### WORKING DATA

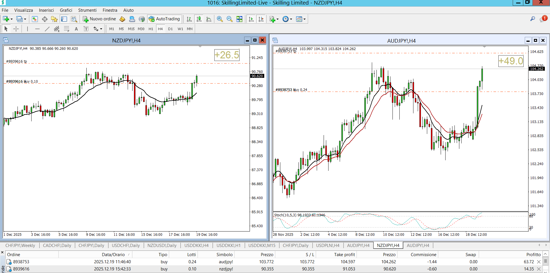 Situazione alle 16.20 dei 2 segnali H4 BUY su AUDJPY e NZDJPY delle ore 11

######
### WORKING DATA

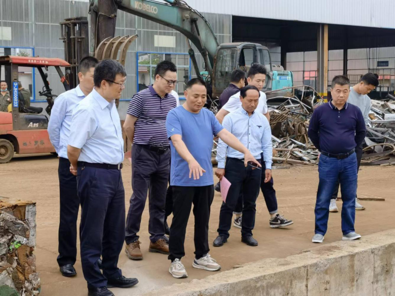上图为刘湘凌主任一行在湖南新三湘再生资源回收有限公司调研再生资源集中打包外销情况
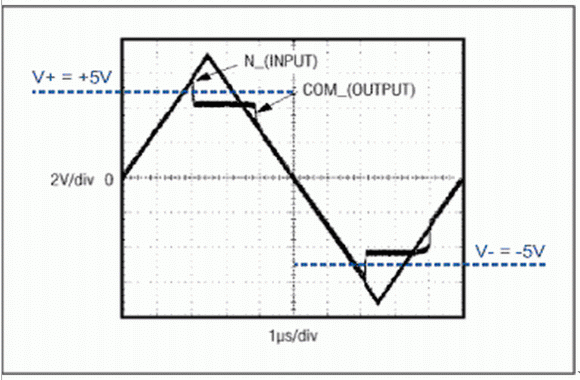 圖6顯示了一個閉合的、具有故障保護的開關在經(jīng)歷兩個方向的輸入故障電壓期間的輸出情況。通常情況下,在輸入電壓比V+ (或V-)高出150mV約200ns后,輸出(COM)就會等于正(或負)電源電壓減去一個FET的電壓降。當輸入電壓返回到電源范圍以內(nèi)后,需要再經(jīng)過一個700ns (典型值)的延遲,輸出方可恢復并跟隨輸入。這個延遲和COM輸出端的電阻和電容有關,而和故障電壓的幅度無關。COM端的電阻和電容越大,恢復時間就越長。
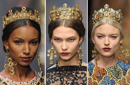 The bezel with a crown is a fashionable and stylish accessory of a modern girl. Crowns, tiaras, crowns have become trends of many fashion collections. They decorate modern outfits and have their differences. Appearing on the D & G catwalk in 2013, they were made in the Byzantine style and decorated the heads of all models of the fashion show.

######
### WORKING DATA

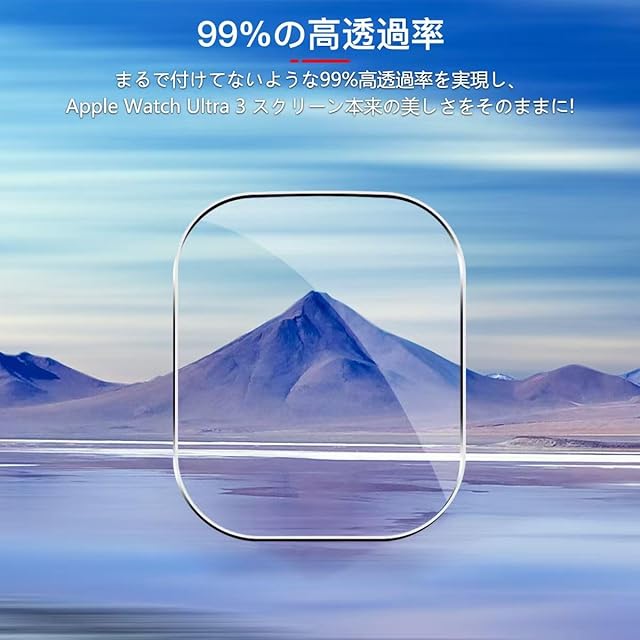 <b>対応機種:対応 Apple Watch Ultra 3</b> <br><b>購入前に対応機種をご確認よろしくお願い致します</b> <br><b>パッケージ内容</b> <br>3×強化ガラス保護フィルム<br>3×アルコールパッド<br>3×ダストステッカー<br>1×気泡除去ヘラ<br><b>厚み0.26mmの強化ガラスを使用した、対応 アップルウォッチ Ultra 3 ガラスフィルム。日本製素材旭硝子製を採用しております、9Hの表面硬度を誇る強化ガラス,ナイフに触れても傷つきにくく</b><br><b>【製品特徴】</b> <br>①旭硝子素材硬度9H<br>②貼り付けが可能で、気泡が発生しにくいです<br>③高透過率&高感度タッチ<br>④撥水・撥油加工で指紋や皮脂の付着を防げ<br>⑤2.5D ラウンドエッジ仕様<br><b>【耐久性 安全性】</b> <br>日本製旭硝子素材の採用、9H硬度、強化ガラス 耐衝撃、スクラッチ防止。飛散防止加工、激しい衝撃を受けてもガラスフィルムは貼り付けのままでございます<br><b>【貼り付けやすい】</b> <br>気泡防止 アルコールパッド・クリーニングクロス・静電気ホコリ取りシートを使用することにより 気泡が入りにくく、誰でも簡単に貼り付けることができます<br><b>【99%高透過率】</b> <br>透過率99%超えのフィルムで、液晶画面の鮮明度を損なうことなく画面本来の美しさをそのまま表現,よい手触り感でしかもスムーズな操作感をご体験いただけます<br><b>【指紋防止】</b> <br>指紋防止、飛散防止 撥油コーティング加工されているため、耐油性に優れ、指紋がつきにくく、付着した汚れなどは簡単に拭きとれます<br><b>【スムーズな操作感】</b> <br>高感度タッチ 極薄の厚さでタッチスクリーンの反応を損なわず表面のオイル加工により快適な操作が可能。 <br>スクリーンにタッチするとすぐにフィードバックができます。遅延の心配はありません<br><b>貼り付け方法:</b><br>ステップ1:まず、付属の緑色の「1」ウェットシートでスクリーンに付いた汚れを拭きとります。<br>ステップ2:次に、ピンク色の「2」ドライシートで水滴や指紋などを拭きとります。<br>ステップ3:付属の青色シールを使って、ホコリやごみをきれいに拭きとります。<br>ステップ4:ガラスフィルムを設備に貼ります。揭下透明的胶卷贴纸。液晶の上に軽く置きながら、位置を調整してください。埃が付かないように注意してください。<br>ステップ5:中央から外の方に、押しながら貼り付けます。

######

◆ TASK DIRECTIONS
Above are the records; copy exactly the lines from the one with "上图为刘湘凌主任一行在湖南新三湘再生资源回收有限公司调研再生资源集中打包外销情况" through the one with "The bezel with", including both, and nothing more. Leave out pictures.

◆ SOLUTION TO THE PROBLEM
上图为刘湘凌主任一行在湖南新三湘再生资源回收有限公司调研再生资源集中打包外销情况
 圖6顯示了一個閉合的、具有故障保護的開關在經(jīng)歷兩個方向的輸入故障電壓期間的輸出情況。通常情況下,在輸入電壓比V+ (或V-)高出150mV約200ns后,輸出(COM)就會等于正(或負)電源電壓減去一個FET的電壓降。當輸入電壓返回到電源范圍以內(nèi)后,需要再經(jīng)過一個700ns (典型值)的延遲,輸出方可恢復并跟隨輸入。這個延遲和COM輸出端的電阻和電容有關,而和故障電壓的幅度無關。COM端的電阻和電容越大,恢復時間就越長。
 The bezel with a crown is a fashionable and stylish accessory of a modern girl. Crowns, tiaras, crowns have become trends of many fashion collections. They decorate modern outfits and have their differences. Appearing on the D & G catwalk in 2013, they were made in the Byzantine style and decorated the heads of all models of the fashion show.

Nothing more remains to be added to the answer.